The offer document (in German and a non-binding English translation)
containing the detailed terms and conditions of, and other information
relating to, the Offer will be published on the internet at
http://www.vodafone.com/investor.
The offer document will also be published by way of a notice of
availability in the Federal Gazette (Bundesanzeiger).
Important Notice
The terms and conditions of the Offer will be published in the offer
document only after the permission by the German Federal Financial
Supervisory Authority (Bundesanstalt für Finanzdienstleistungsaufsicht,
BaFin) has been obtained. Investors and holders of shares in Kabel
Deutschland Holding AG are strongly advised to read the relevant documents
regarding the Offer published by Vodafone Vierte Verwaltungsgesellschaft
mbH when they become available because they will contain important
information. Investors and shareholders of Kabel Deutschland Holding AG
will be able to receive these documents, when they become available, at the
website http://www.vodafone.com/investor. Upon publication, the offer
document will also be available free of charge at a specified location and
will be mailed to investors and shareholders of Kabel Deutschland Holding
AG free of charge upon request.
This announcement is for information purposes only and does not constitute
an invitation to make an offer to sell KDH Shares. This announcement does
not constitute an offer to purchase KDH Shares and is not for the purposes
of Vodafone making any representations or entering into any other binding
legal commitments.
An offer to purchase shares in Kabel Deutschland Holding AG will be solely
made by the offer document which is to be published by Vodafone in due
course and is exclusively subject to its terms and conditions. The terms
and conditions contained in the offer document may differ from the general
information described in this announcement.

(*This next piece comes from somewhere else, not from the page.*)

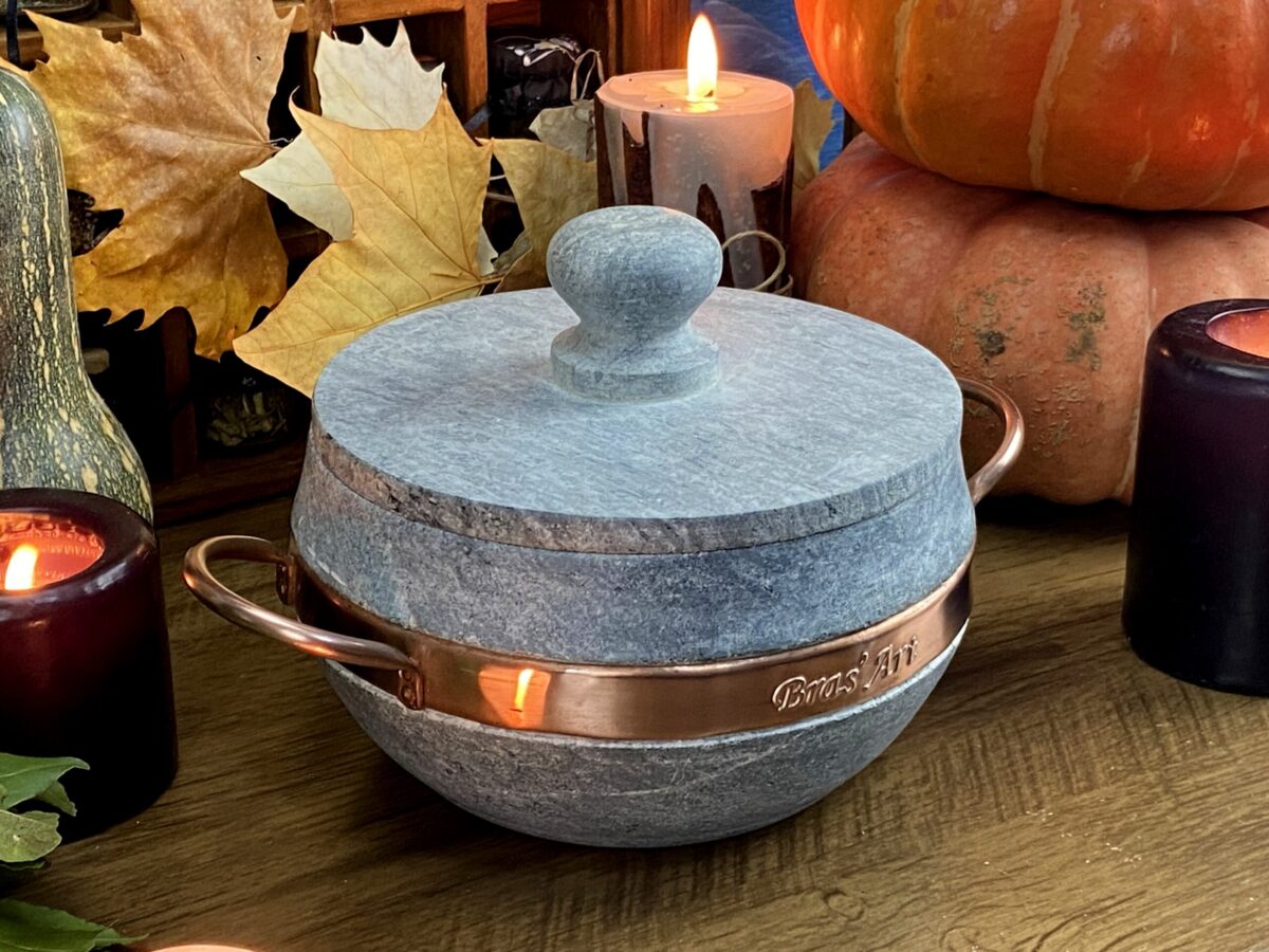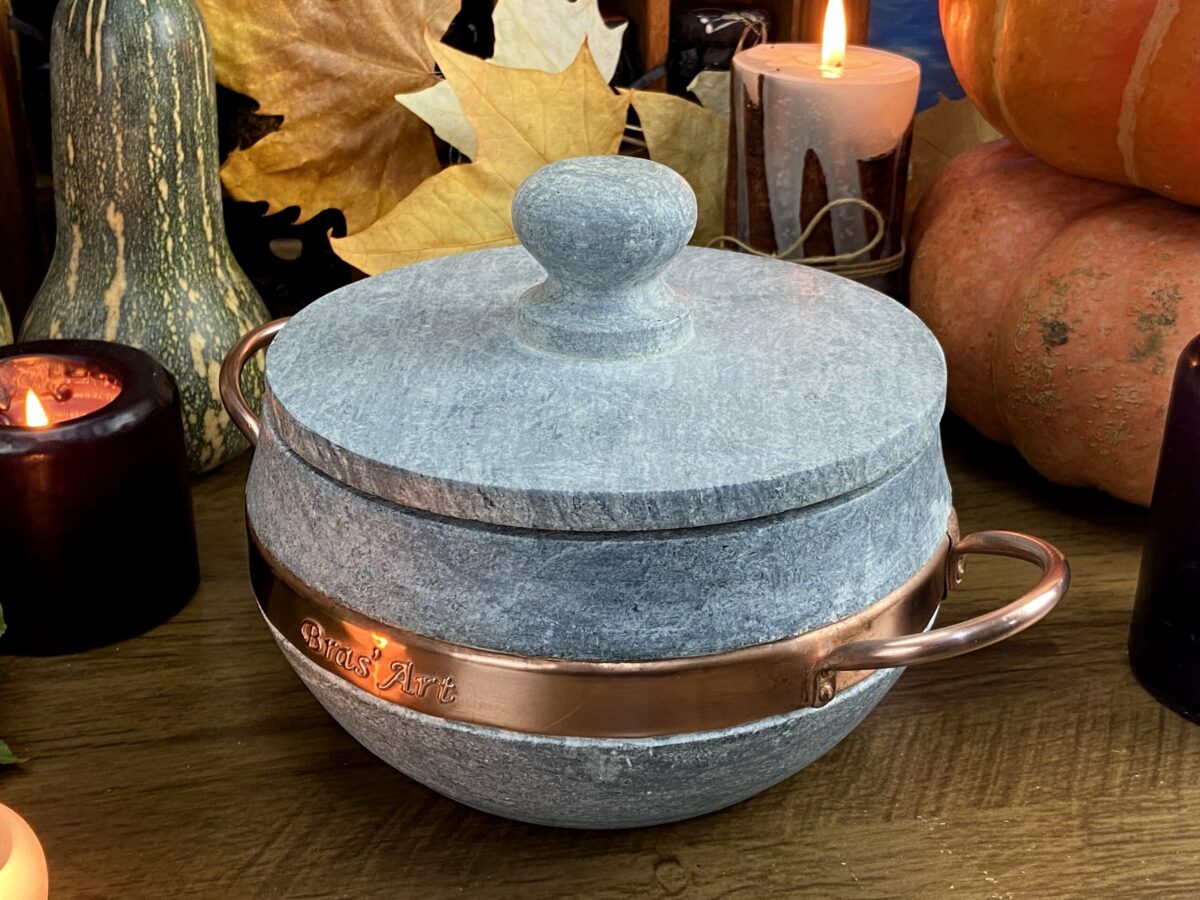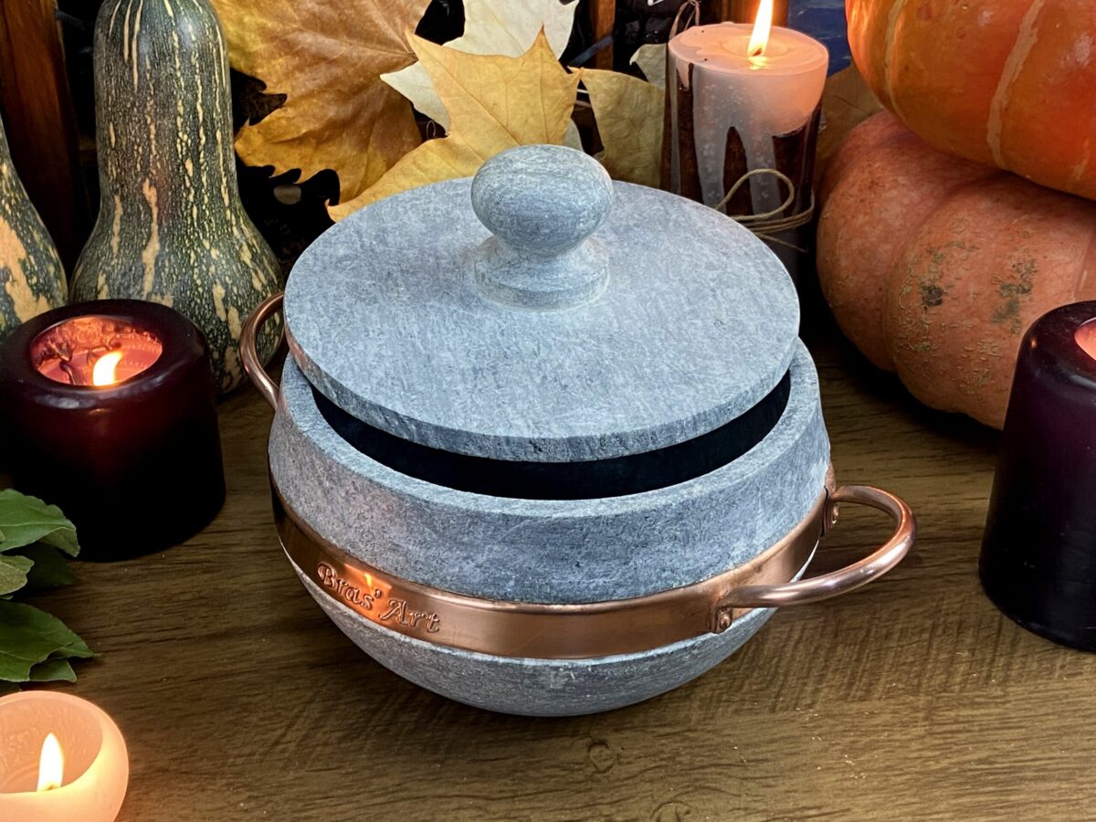 Caldeirão da Bruxa – Instrumento caldeirão – Caldeirão bruxaria – Caldeirão Magia – Caldeirão de Pedra e Cobre 1.5 L com Tampa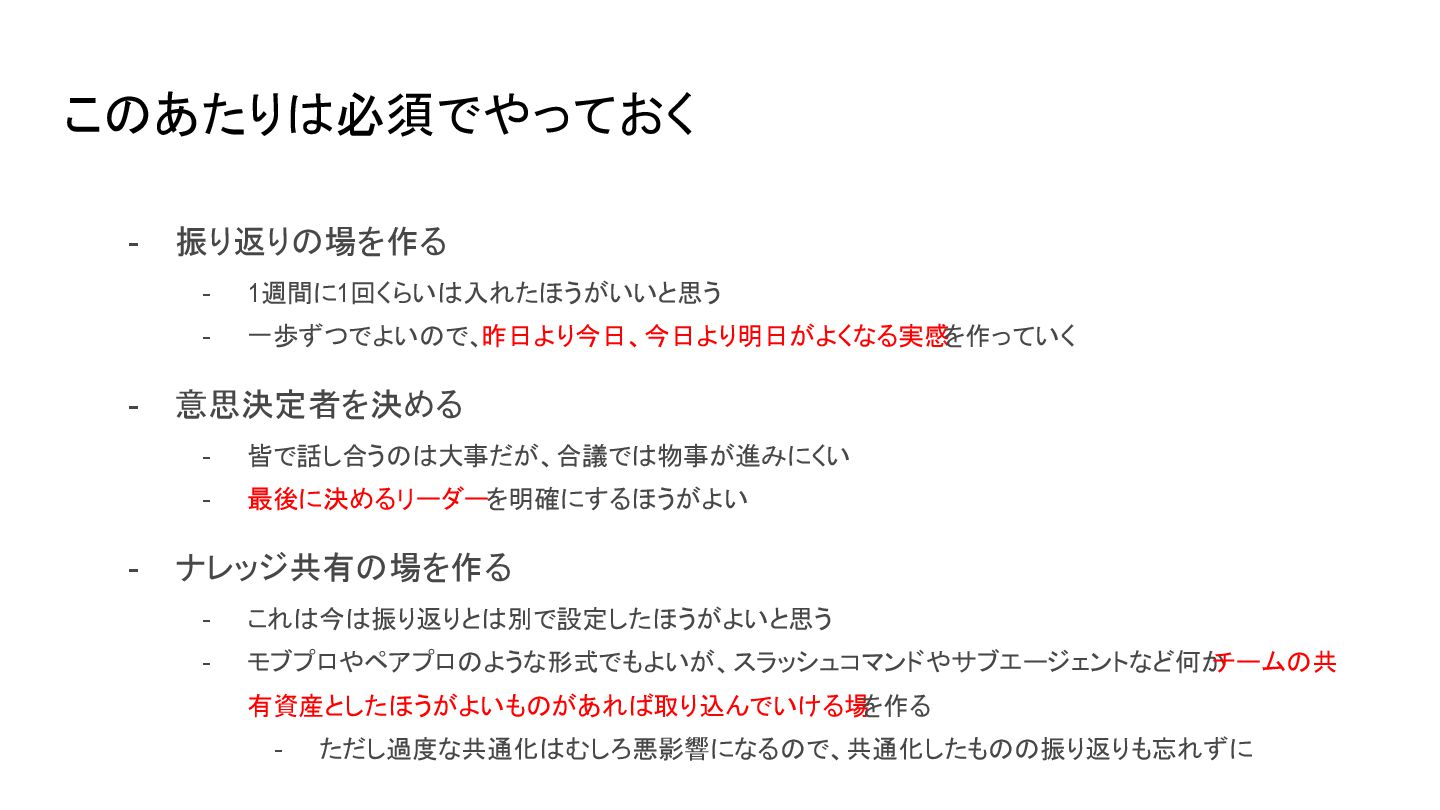 - 皆で話し合うのは大事だが、合議では物事が進みにくい - 最後に決めるリーダーを明確にするほうがよい - ナレッジ共有の場を作る - これは今は振り返りとは別で設定したほうがよいと思う - モブプロやペアプロのような形式でもよいが、スラッシュコマンドやサブエージェントなど何か チームの共 有資産としたほうがよいものがあれば取り込んでいける場 を作る - ただし過度な共通化はむしろ悪影響になるので、共通化したものの振り返りも忘れずに

Shareholders of Kabel Deutschland Holding AG are strongly recommended to
seek independent advice, where appropriate, in order to reach an informed
decision in respect of the content of the offer document and with regard to
the takeover offer for Kabel Deutschland Holding AG.
The Offer will be issued exclusively under the laws of the Federal Republic
of Germany, especially under the German Securities Acquisition and Takeover
Act (Wertpapiererwerbs- und Übernahmegesetz, ('WpÜG')) and the Regulation
on the Content of the Offer Document, Consideration for Takeover Offers and
Mandatory Offers and the Release from the Obligation to Publish and Issue
an Offer ('WpÜG Offer Regulation') and certain applicable provisions of
U.S. securities law. The Offer will not be executed according to the
provisions of jurisdictions (including the jurisdictions of Canada,
Australia, and Japan) other than those of the Federal Republic of Germany
and certain applicable provisions of U.S. securities law. Thus, no other
announcements, registrations, admissions or approvals of the Offer outside
the Federal Republic of Germany have been filed, arranged for or granted.
The shareholders of Kabel Deutschland Holding AG cannot rely on having
recourse to provisions for the protection of investors in any jurisdiction
other than such provisions of the Federal Republic of Germany. Any contract
that is concluded on the basis of the Offer will be exclusively governed by
the laws of the Federal Republic of Germany and is to be interpreted in
accordance with such laws.
Vodafone has not approved the publication, sending, distribution, or
dissemination of this announcement or any other document associated with
the Offer by third parties outside the Federal Republic of Germany. Neither
Vodafone nor persons acting in concert with Vodafone within the meaning of
Section 2 para. 5 sentence 1 and sentence 3 WpÜG are in any way responsible
for the compliance of the publication, sending, distribution, or
dissemination of this announcement or any other document associated with
the Offer by a third party outside of the Federal Republic of Germany to
any jurisdiction with legal provisions other than those of the Federal
Republic of Germany.
The release, publication or distribution of this announcement in certain
jurisdictions other than the Federal Republic of Germany may be restricted
by law. Persons who are not resident in the Federal Republic of Germany or
who are subject to other jurisdictions should inform themselves of, and
observe, any applicable requirements.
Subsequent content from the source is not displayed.